Plaintiff cites no statute or precedent establishing that this ambiguity
renders the agreement substantively unconscionable. The Court declines to
conclude that this provision renders the agreement substantively
unconscionable.
As
Plaintiff has not demonstrated substantive unconscionability, Plaintiff has not
established that the agreement is unconscionable.
CONCLUSION:
Accordingly, Defendants’ Motion to Compel
Arbitration is GRANTED.
This matter is ordered stayed
pending resolution of the arbitration. All hearings are advanced to this date
and placed off-calendar.
The Court sets a status conference
for December 19, 2023, at 8:30 AM regarding the status of the arbitration.
Moving Parties to give notice.
IT IS SO ORDERED.
Dated: December 19,
2022 ___________________________________
Theresa
M. Traber
Judge
of the Superior Court
Any party may submit on the
tentative ruling by contacting the courtroom via email at Smcdept47@lacourt.org by no later than 4:00 p.m. the day
before the hearing.
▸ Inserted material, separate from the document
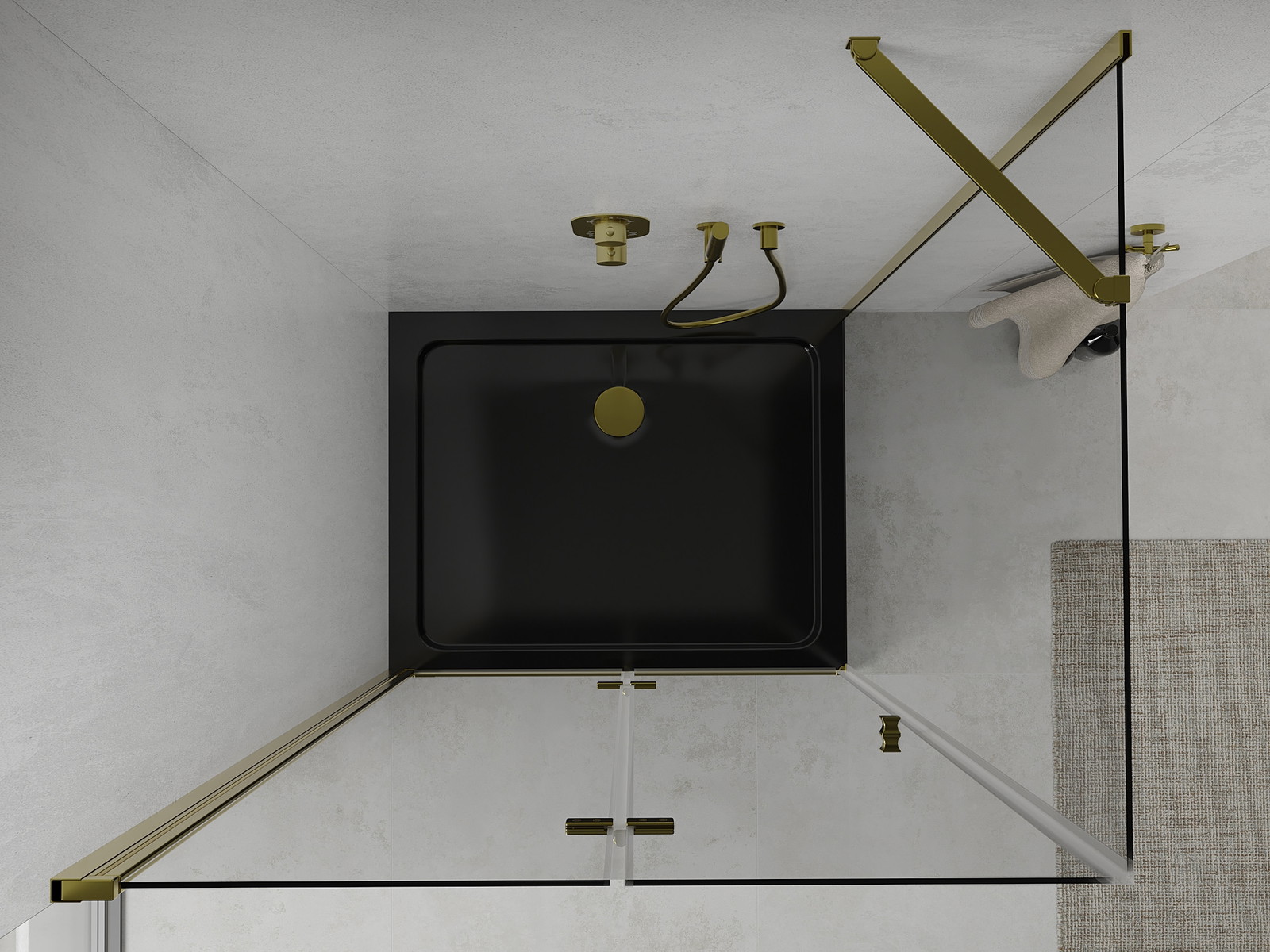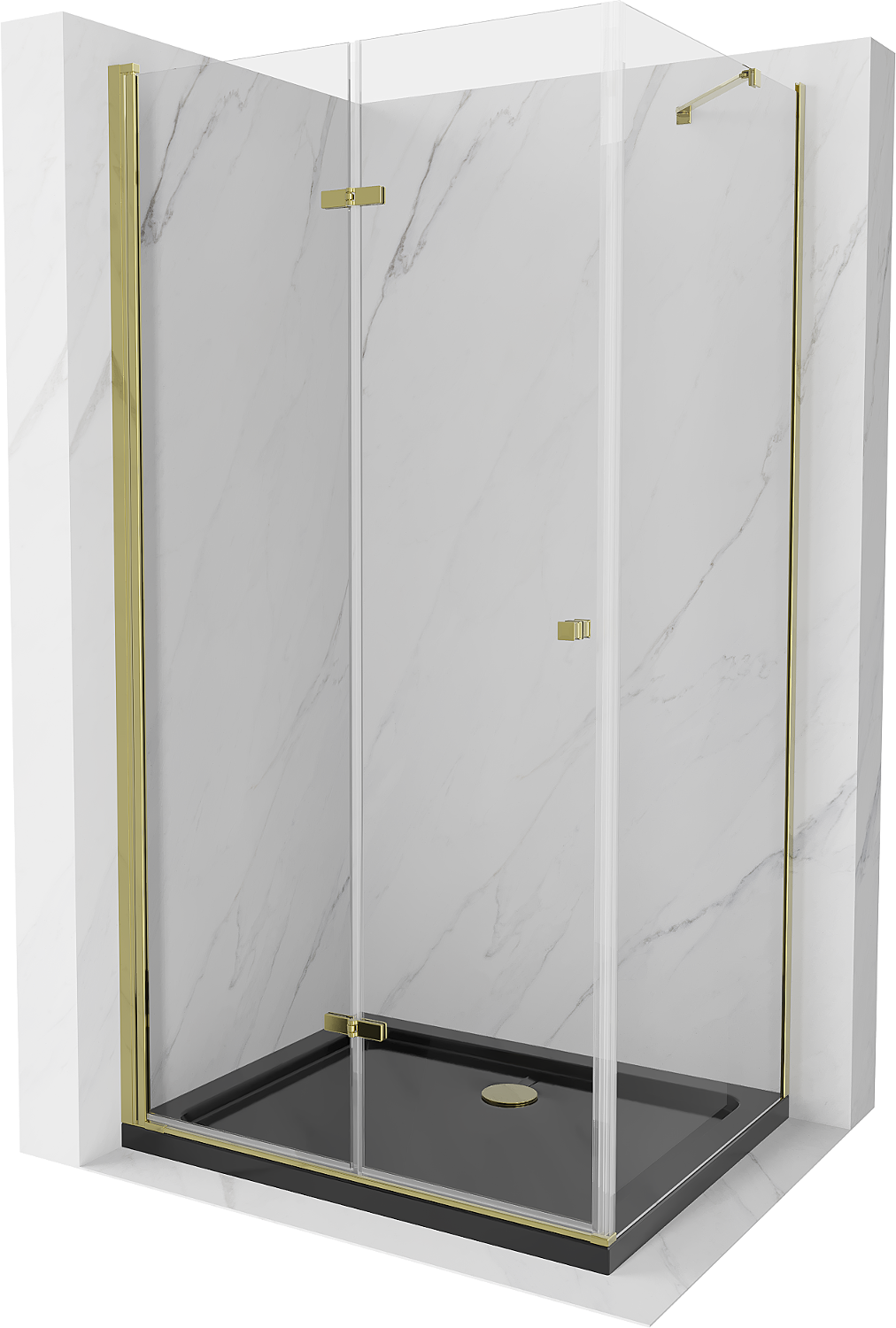 Mexen Lima Sulankiojama dušo kabina 100 x 90 cm, permatoma, auksinė + Flat dušo padėklas, juodas - 856-100-090-50-00-4070G

All interested parties must be copied on the email. It
should be noted that if you submit on a tentative ruling the court will still
conduct a hearing if any party appears. By submitting on the tentative you
have, in essence, waived your right to be present at the hearing, and you
should be aware that the court may not adopt the tentative, and may issue an
order which modifies the tentative ruling in whole or in part.